Exercise objective: Could the lines from the top of the material to the line that contains "Featuring an extended" be retyped exactly, both included and pictures omitted?

-- Opening Marker --

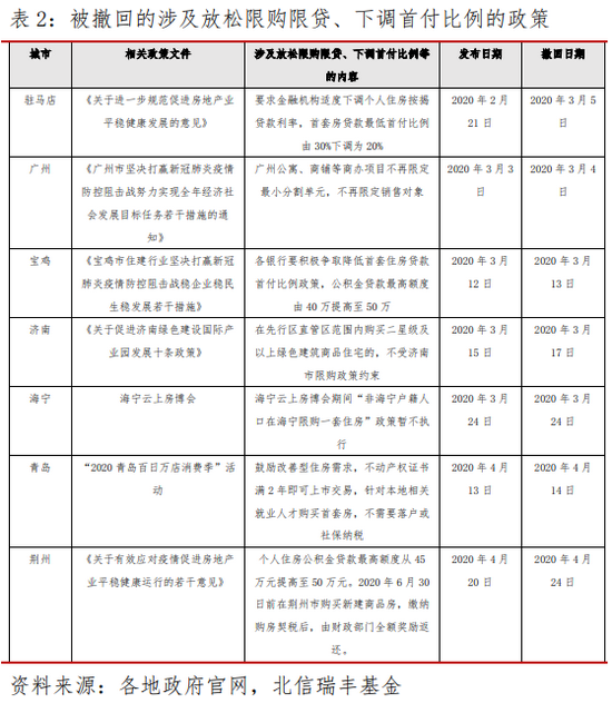 但在此次第四轮房地产周期中,政府的行为逻辑则与前三轮周期体现出了明显的不同。2020年初新冠疫情危机来袭,我国经济承受着巨大的压力。然而政府却并未像前三轮周期中一样放松房地产市场限制以刺激经济,而是坚持住了“房住不炒”的路线,各地方政府凡是涉及放松限购限贷、下调首付比例的政策都遭到了撤回。
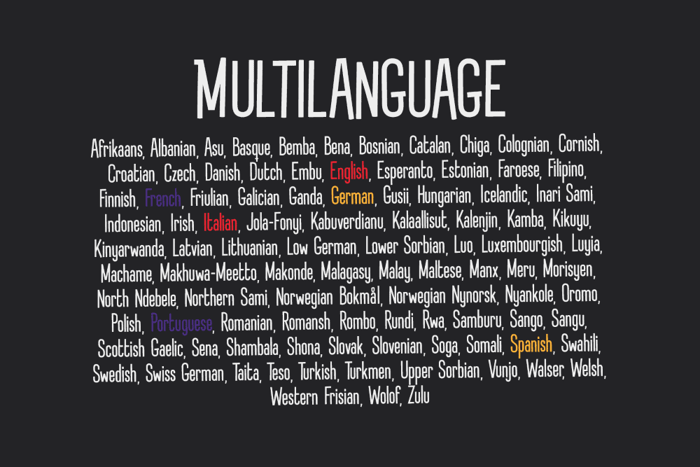Featuring an extended characters set with more than 200 glyphs and covers several languages based on the Latin alphabet.
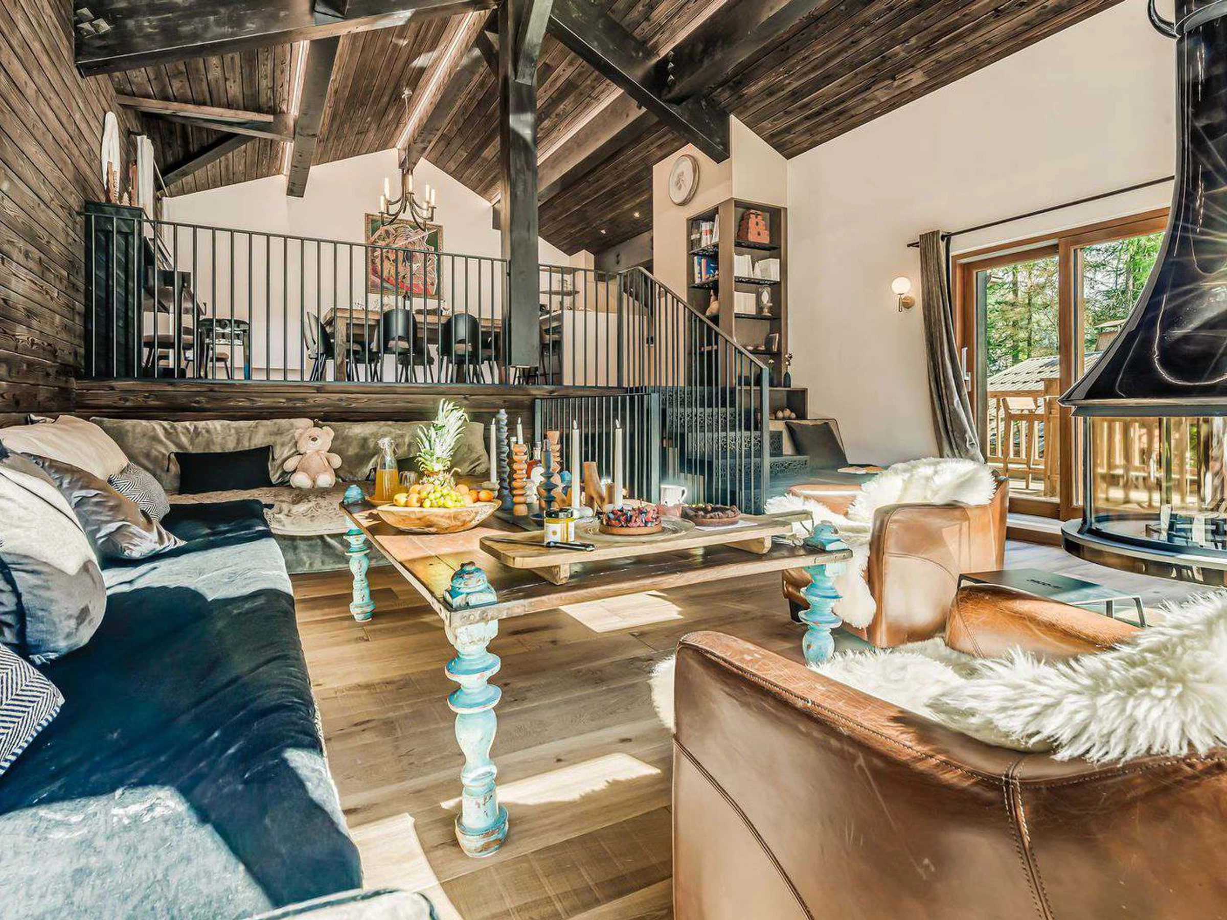 Le chalet culmine avec son grand salon - séjour - salle à manger et cuisine, qui s’étagent par demi-niveaux sous le toit et sa charpente de bois. Un piano droit à votre disposition permettra aux musiciens de partager leur art, et de rassembler vos convives autour de mélodies classiques, Jazz... et qui sait quelques tubes Rock N’ Roll...
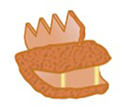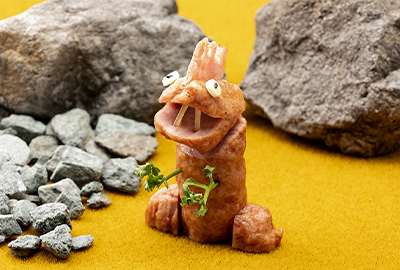 ストローでくり抜いたスライスチーズ2個に黒ごまをつけて目をつけ、怪獣の胸の部分にパセリの茎を差して手をつければ出来上がり。
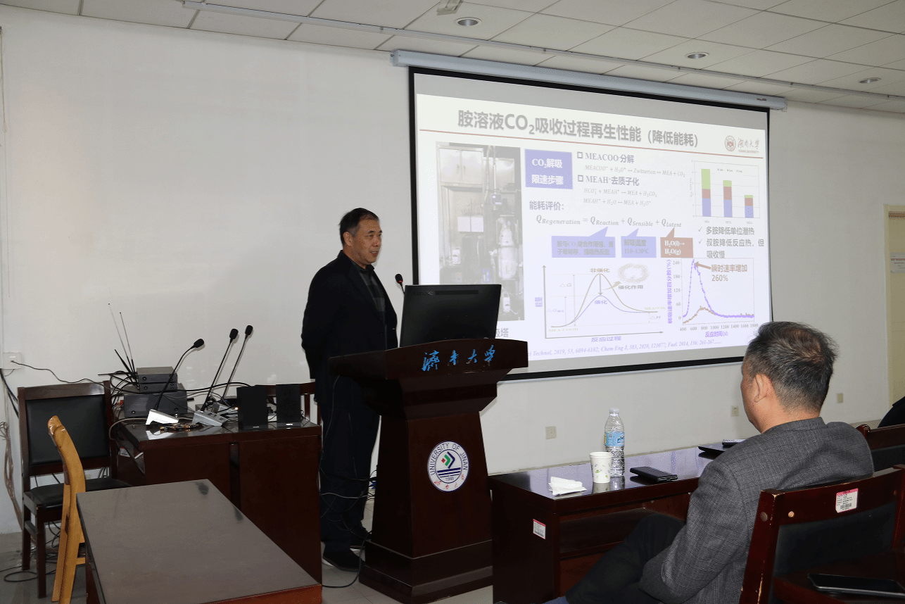 梁志武教授作了题为“化学吸收法捕获二氧化碳的化工基础与工程示范”的学术报告。他首先从“双碳”国家战略需求出发,系统阐述了化学吸收法捕获CO₂技术的科学基础、技术原理及其在应对气候变化中的重要意义。随后,梁志武教授结合其团队在国家自然科学基金重点项目、国家重点研发计划等课题支持下取得的研究成果,深入讲解了高性能吸收剂的设计开发、吸收-解吸过程强化、系统集成优化等关键科学问题与工程实践,并通过详实的实验数据和工程案例,展示了该技术在能耗降低、效率提升及工程示范应用方面的突破性进展。
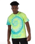 Dyenomite Adult 5.3 Ounce Tie Dye Ripple Spiral T-Shirt. Preshrunk, 100% cotton. Double-needle stitched neckline and bottom hem. Dyed with pigment dye.
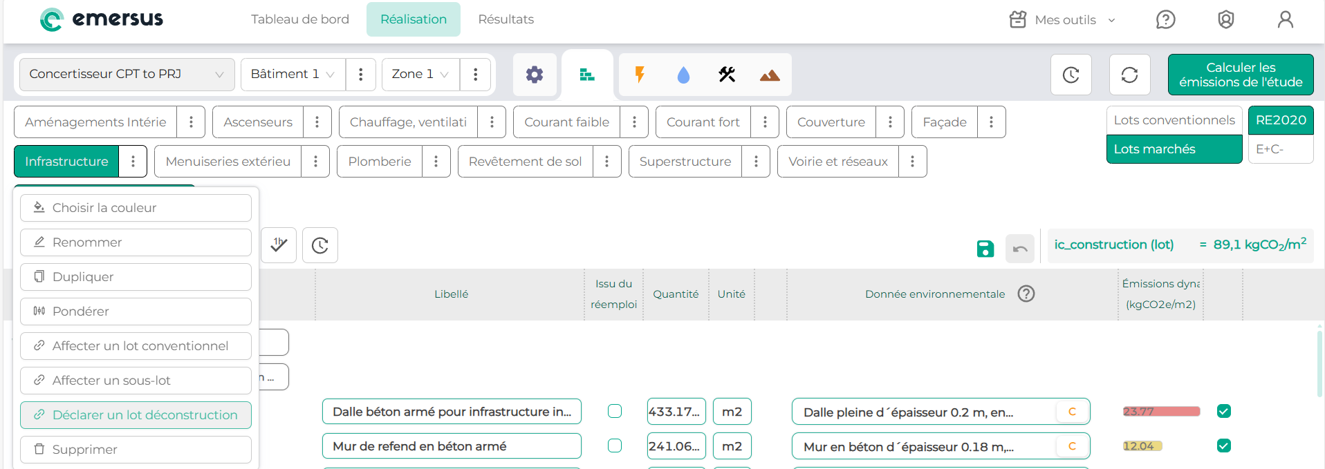 Sur cette même vue, emersus Projet indiquera directement quel cas concerne votre zone et si l'Ic Deconstruction doit être pris en compte.

-- Closing Marker --

Answer area:
 但在此次第四轮房地产周期中,政府的行为逻辑则与前三轮周期体现出了明显的不同。2020年初新冠疫情危机来袭,我国经济承受着巨大的压力。然而政府却并未像前三轮周期中一样放松房地产市场限制以刺激经济,而是坚持住了“房住不炒”的路线,各地方政府凡是涉及放松限购限贷、下调首付比例的政策都遭到了撤回。
Featuring an extended characters set with more than 200 glyphs and covers several languages based on the Latin alphabet.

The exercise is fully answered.